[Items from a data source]

--- --- ---

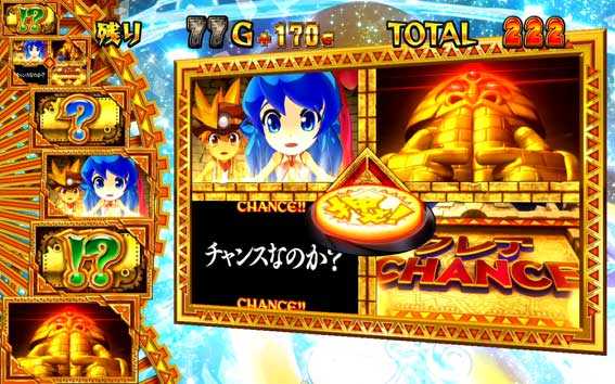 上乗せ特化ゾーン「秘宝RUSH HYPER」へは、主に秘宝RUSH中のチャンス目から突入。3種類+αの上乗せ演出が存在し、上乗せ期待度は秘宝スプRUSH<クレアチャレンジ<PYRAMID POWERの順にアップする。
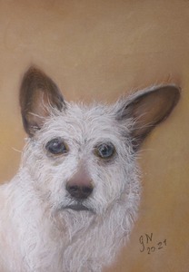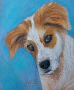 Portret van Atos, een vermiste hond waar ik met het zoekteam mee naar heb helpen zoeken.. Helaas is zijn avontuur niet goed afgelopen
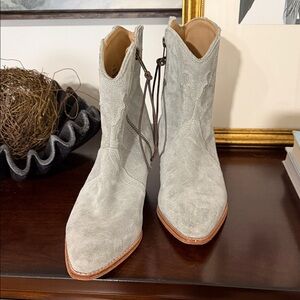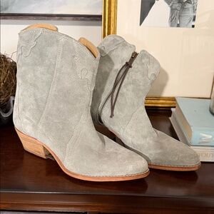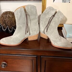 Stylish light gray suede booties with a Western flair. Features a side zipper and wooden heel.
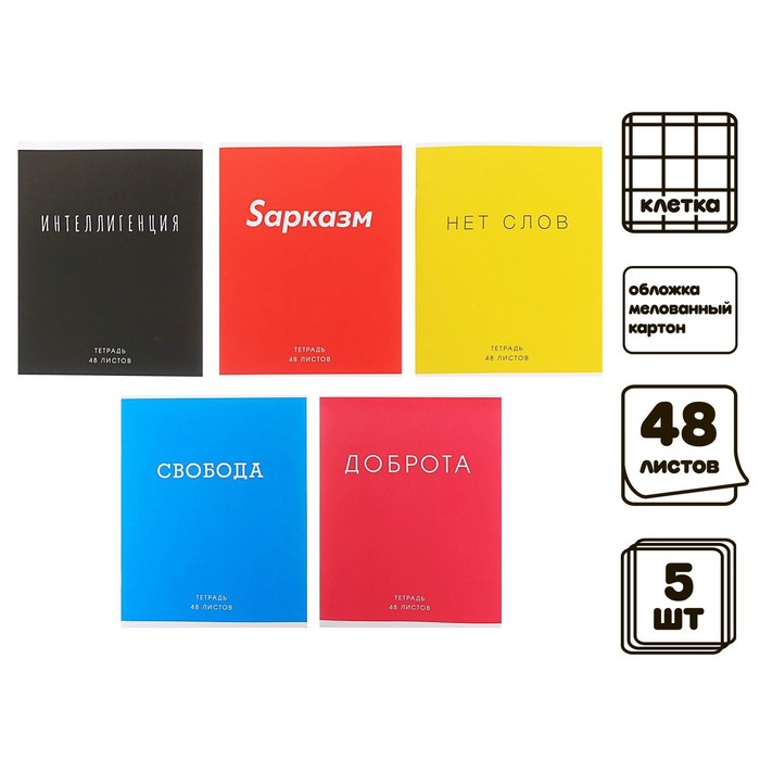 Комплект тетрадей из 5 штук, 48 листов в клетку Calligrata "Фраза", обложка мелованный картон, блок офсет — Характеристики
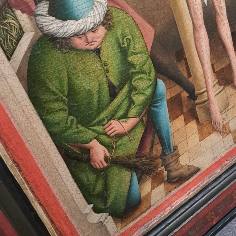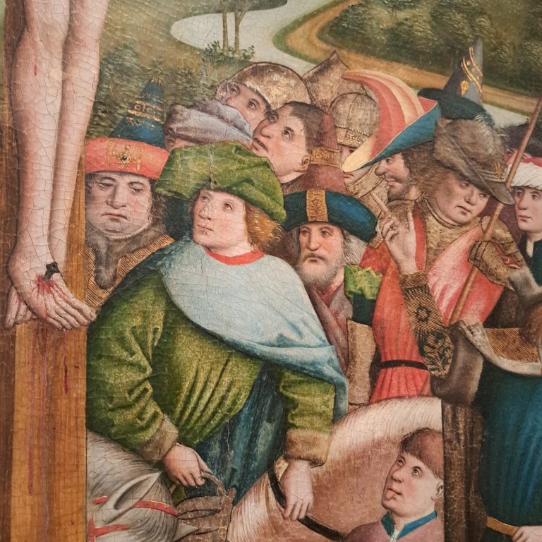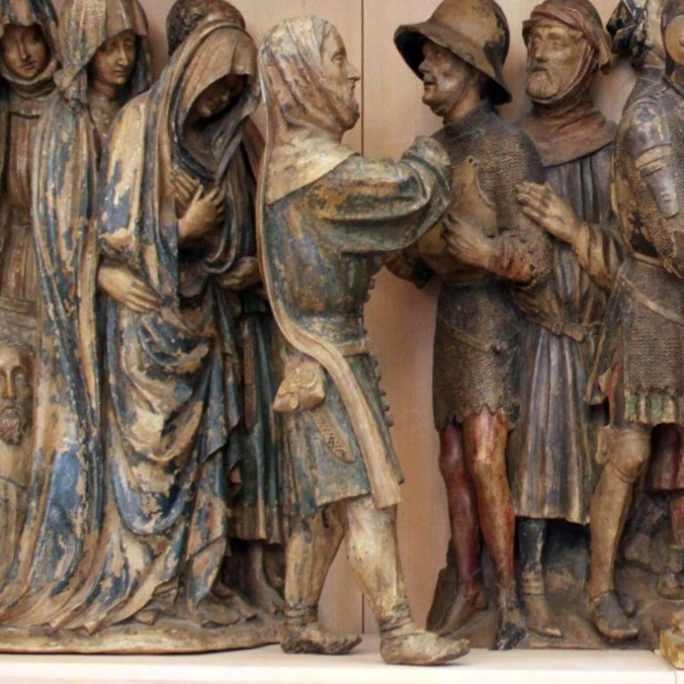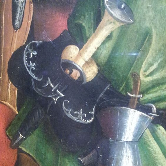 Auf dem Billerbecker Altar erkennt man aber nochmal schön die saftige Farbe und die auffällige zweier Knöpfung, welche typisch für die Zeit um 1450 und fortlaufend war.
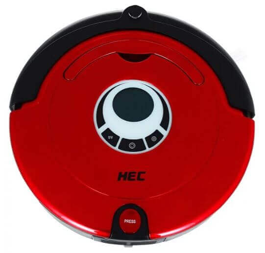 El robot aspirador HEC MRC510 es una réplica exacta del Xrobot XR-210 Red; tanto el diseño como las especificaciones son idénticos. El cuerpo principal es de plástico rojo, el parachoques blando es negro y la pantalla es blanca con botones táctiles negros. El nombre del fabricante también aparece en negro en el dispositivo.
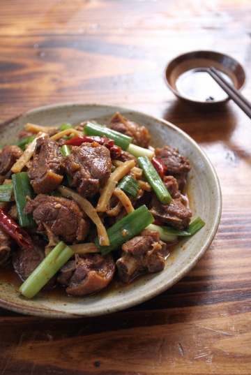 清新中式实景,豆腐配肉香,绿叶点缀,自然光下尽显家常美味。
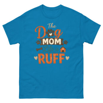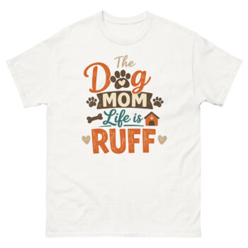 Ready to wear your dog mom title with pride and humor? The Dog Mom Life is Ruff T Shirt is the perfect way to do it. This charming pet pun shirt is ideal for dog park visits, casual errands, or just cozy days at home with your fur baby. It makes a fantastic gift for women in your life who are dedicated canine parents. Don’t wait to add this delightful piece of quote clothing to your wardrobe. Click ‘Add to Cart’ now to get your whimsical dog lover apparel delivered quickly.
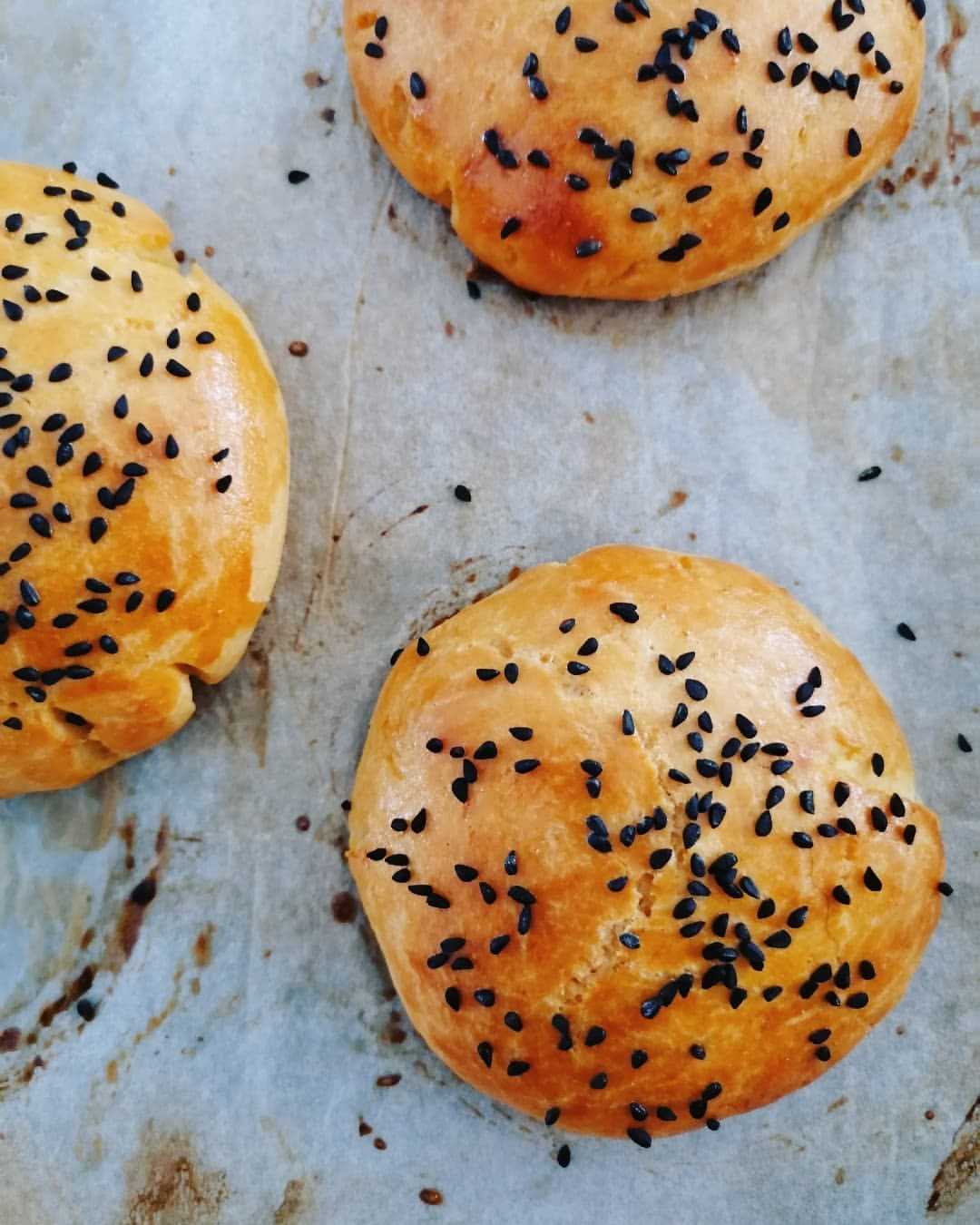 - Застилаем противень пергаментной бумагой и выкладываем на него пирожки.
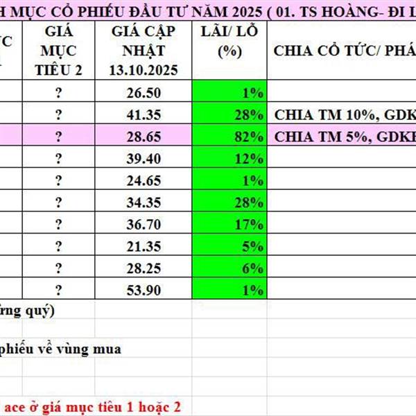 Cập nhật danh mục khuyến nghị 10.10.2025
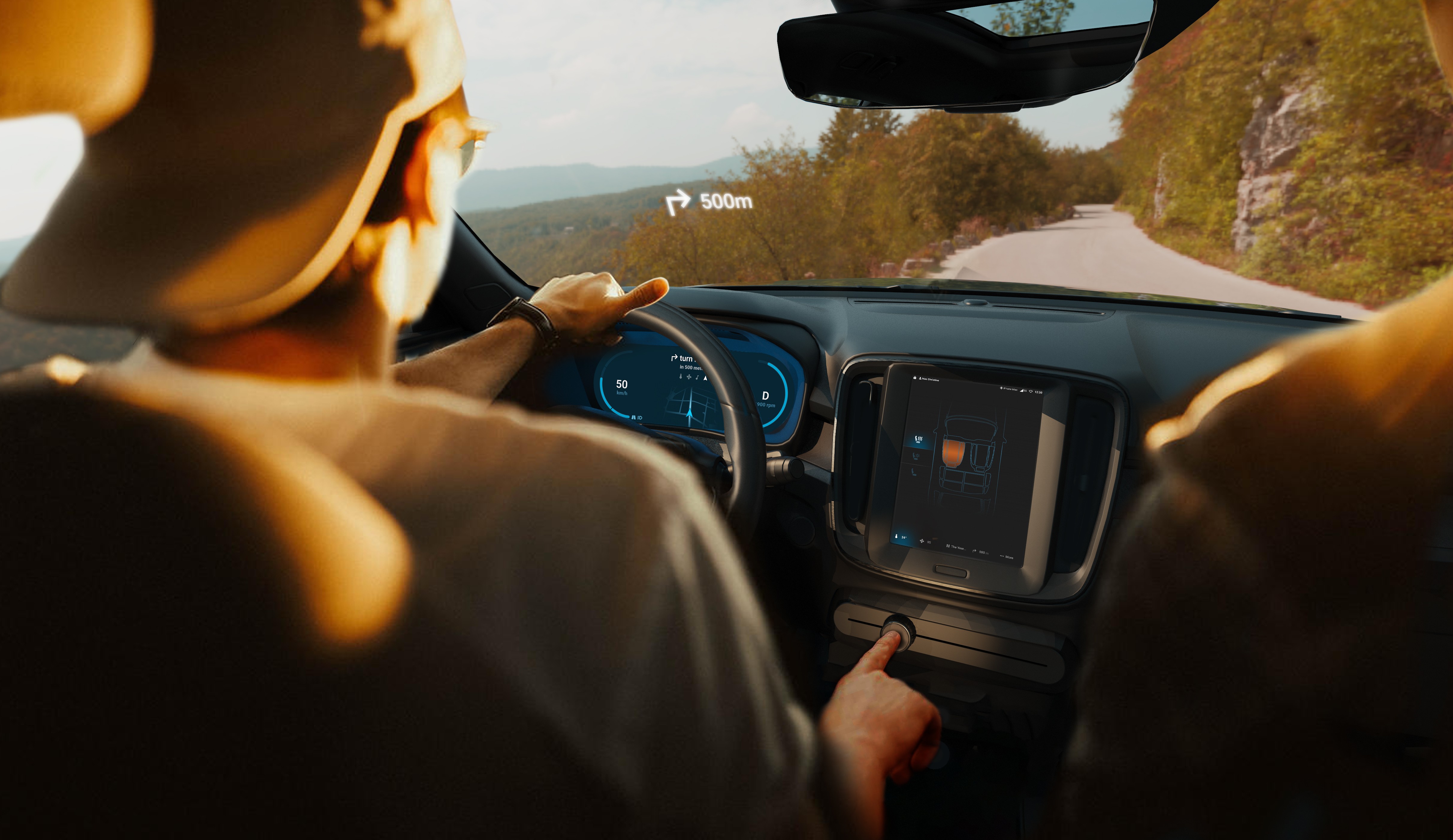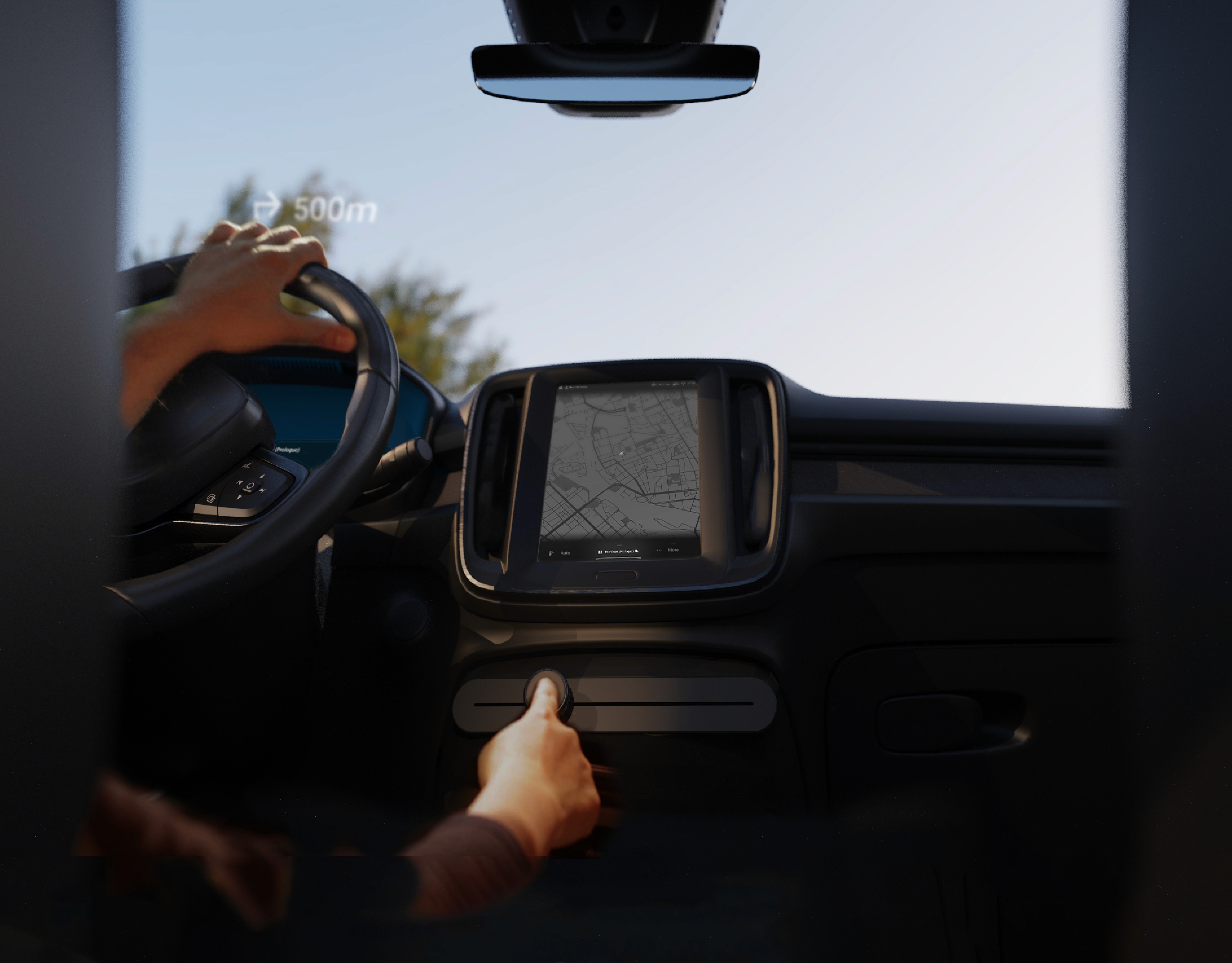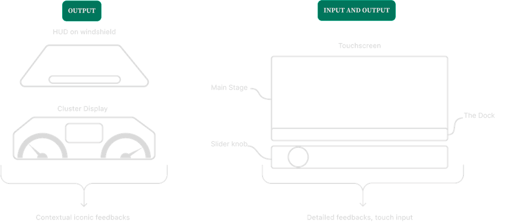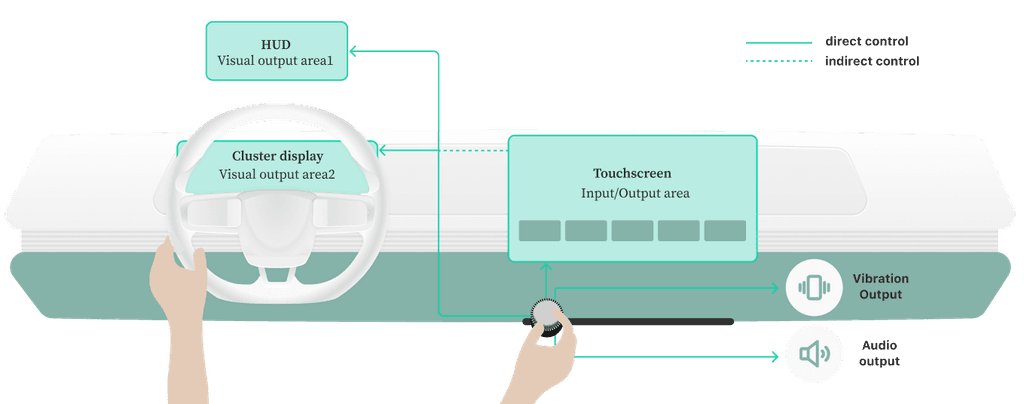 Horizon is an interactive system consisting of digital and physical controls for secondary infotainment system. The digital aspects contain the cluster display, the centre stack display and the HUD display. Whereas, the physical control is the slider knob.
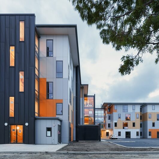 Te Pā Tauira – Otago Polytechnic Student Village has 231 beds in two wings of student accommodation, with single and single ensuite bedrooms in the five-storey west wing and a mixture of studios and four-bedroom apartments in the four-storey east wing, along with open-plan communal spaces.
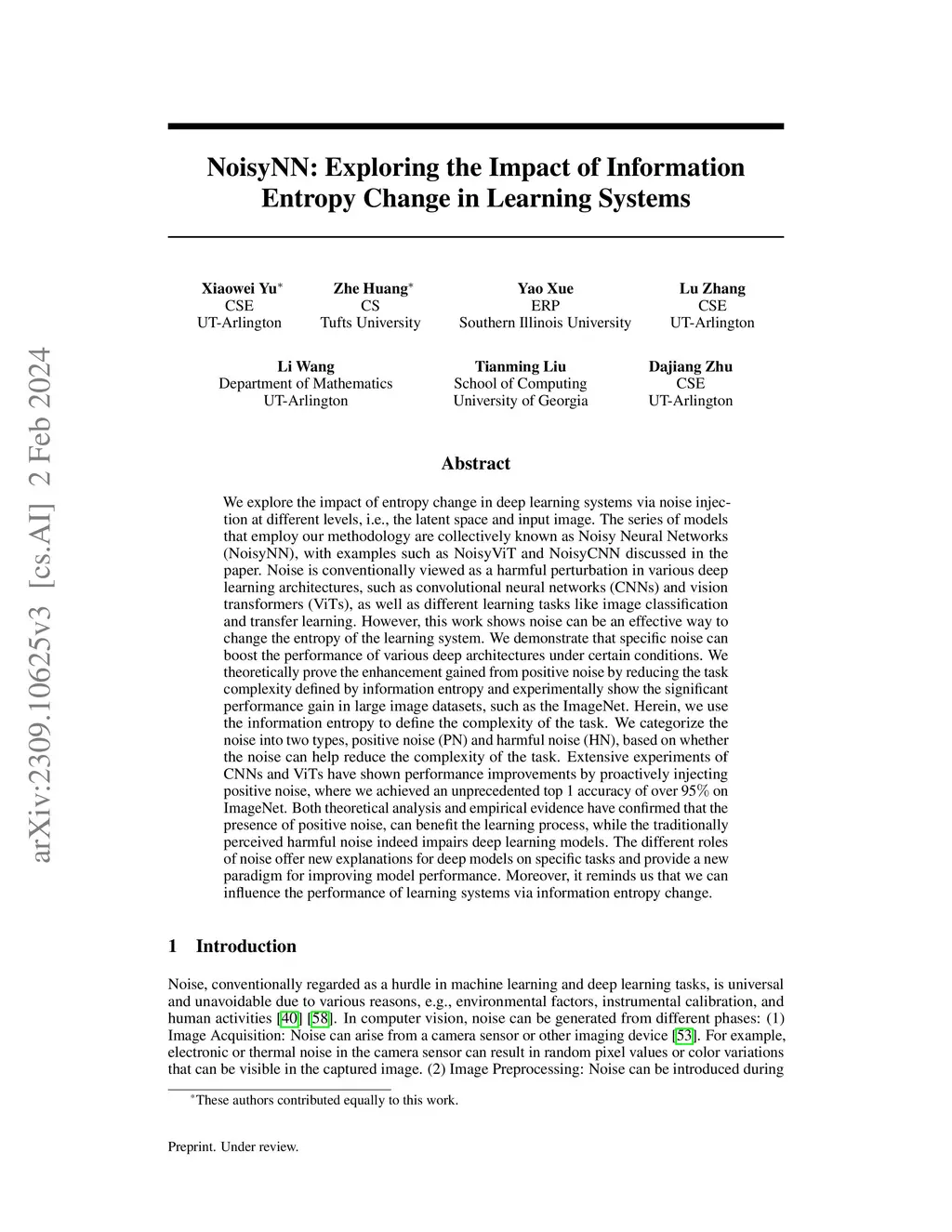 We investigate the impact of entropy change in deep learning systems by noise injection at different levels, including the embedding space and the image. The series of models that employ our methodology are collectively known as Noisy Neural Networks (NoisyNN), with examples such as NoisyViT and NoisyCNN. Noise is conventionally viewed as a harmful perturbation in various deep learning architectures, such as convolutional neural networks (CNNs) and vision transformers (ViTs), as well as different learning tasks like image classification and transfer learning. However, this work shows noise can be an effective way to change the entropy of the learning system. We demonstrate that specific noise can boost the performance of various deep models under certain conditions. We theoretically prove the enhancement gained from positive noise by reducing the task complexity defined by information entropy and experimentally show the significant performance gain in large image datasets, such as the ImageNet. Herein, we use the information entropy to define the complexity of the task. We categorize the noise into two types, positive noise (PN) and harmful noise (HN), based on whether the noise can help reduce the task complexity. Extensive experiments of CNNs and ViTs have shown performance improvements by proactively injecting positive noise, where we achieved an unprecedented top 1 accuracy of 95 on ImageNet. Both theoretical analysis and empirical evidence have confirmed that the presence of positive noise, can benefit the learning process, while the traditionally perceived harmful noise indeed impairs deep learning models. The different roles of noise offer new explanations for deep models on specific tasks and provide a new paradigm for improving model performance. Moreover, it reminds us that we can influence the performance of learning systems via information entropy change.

--- --- ---

Reproduce the data word for word; no pictures.

# [Completed exercise]
 上乗せ特化ゾーン「秘宝RUSH HYPER」へは、主に秘宝RUSH中のチャンス目から突入。3種類+αの上乗せ演出が存在し、上乗せ期待度は秘宝スプRUSH<クレアチャレンジ<PYRAMID POWERの順にアップする。
 Portret van Atos, een vermiste hond waar ik met het zoekteam mee naar heb helpen zoeken.. Helaas is zijn avontuur niet goed afgelopen
 Stylish light gray suede booties with a Western flair. Features a side zipper and wooden heel.
 Комплект тетрадей из 5 штук, 48 листов в клетку Calligrata "Фраза", обложка мелованный картон, блок офсет — Характеристики
 Auf dem Billerbecker Altar erkennt man aber nochmal schön die saftige Farbe und die auffällige zweier Knöpfung, welche typisch für die Zeit um 1450 und fortlaufend war.
 El robot aspirador HEC MRC510 es una réplica exacta del Xrobot XR-210 Red; tanto el diseño como las especificaciones son idénticos. El cuerpo principal es de plástico rojo, el parachoques blando es negro y la pantalla es blanca con botones táctiles negros. El nombre del fabricante también aparece en negro en el dispositivo.
 清新中式实景,豆腐配肉香,绿叶点缀,自然光下尽显家常美味。
 Ready to wear your dog mom title with pride and humor? The Dog Mom Life is Ruff T Shirt is the perfect way to do it. This charming pet pun shirt is ideal for dog park visits, casual errands, or just cozy days at home with your fur baby. It makes a fantastic gift for women in your life who are dedicated canine parents. Don’t wait to add this delightful piece of quote clothing to your wardrobe. Click ‘Add to Cart’ now to get your whimsical dog lover apparel delivered quickly.
 - Застилаем противень пергаментной бумагой и выкладываем на него пирожки.
 Cập nhật danh mục khuyến nghị 10.10.2025
 Horizon is an interactive system consisting of digital and physical controls for secondary infotainment system. The digital aspects contain the cluster display, the centre stack display and the HUD display. Whereas, the physical control is the slider knob.
 Te Pā Tauira – Otago Polytechnic Student Village has 231 beds in two wings of student accommodation, with single and single ensuite bedrooms in the five-storey west wing and a mixture of studios and four-bedroom apartments in the four-storey east wing, along with open-plan communal spaces.
 We investigate the impact of entropy change in deep learning systems by noise injection at different levels, including the embedding space and the image. The series of models that employ our methodology are collectively known as Noisy Neural Networks (NoisyNN), with examples such as NoisyViT and NoisyCNN. Noise is conventionally viewed as a harmful perturbation in various deep learning architectures, such as convolutional neural networks (CNNs) and vision transformers (ViTs), as well as different learning tasks like image classification and transfer learning. However, this work shows noise can be an effective way to change the entropy of the learning system. We demonstrate that specific noise can boost the performance of various deep models under certain conditions. We theoretically prove the enhancement gained from positive noise by reducing the task complexity defined by information entropy and experimentally show the significant performance gain in large image datasets, such as the ImageNet. Herein, we use the information entropy to define the complexity of the task. We categorize the noise into two types, positive noise (PN) and harmful noise (HN), based on whether the noise can help reduce the task complexity. Extensive experiments of CNNs and ViTs have shown performance improvements by proactively injecting positive noise, where we achieved an unprecedented top 1 accuracy of 95 on ImageNet. Both theoretical analysis and empirical evidence have confirmed that the presence of positive noise, can benefit the learning process, while the traditionally perceived harmful noise indeed impairs deep learning models. The different roles of noise offer new explanations for deep models on specific tasks and provide a new paradigm for improving model performance. Moreover, it reminds us that we can influence the performance of learning systems via information entropy change.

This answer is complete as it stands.